In his book You Are Not So Smart, which I am at least smart enough to highly recommend, David McRaney explains the human tendency to interpret patterns in randomness where none actually exist using the example of the Texas Sharpshooter Fallacy.
“The fallacy gets its name from imagining a cowboy shooting at a barn. Over time, the side of the barn becomes riddled with holes. In some places there are lots of them, in others there are few. If the cowboy later paints a bull’s-eye over a spot where his bullet holes clustered together, it looks like he is pretty good with a gun. By painting a bull’s-eye over a cluster of bullet holes, the cowboy places artificial order over natural random chance.”
A similar issue that sometimes arises during data-driven decision making is what could be called the Data Sharpshooter Fallacy — when analysts try to overlay meaning onto a random cluster of data points and thereby convince themselves that they have discovered a seemingly magical business insight. But instead of a bull’s-eye, it is the human eye that’s naturally drawn to any cluster of data points.
“If you have a human brain,” McRaney explains, “you do this all of the time. Looking at the factors from a distance, you can accept the reality of random chance. You are lulled by the signal. You forget about the noise. With meaning, you overlook randomness, but meaning is a human construction. Picking out clusters of coincidence is a predictable malfunction of normal human logic.”

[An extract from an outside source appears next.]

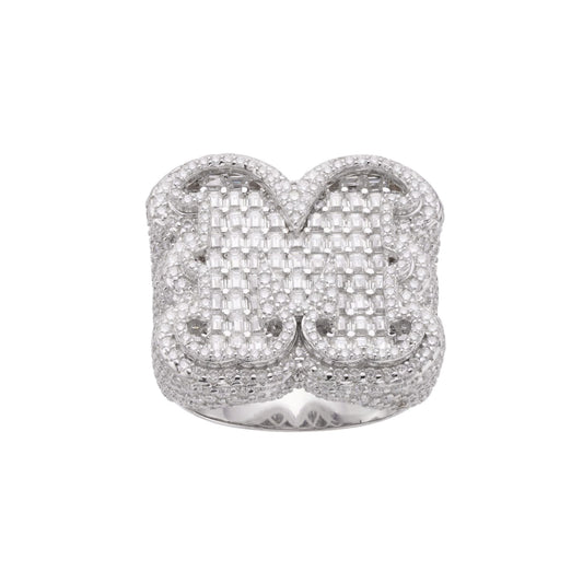 Sterling Silver Round Baugette Moissanite Albhabet M letter Initial Size 10 Men Ring 9-1/8 Ctw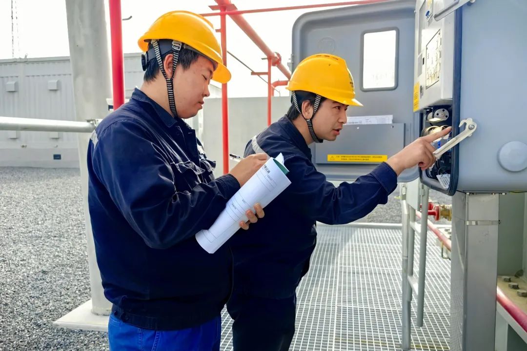 运维人员正在对220千伏升压汇集站主变压器进行巡检(苏波 摄)

Perhaps the most predictable malfunction of normal human logic is when clusters of coincidence coincide with what we were looking to find in the data — with the bull’s-eye we drew with our mind’s eye before we started looking at any data.
This happens quite frequently when we are confronted with the challenging signal-to-noise ratio in big data. If we look at enough data, then we can usually find data that supports our preconceptions. However, whether we have found signal or noise still requires a data quality assessment, as well as an honest assessment of where — and when — we painted the data analytical bull’s-eye.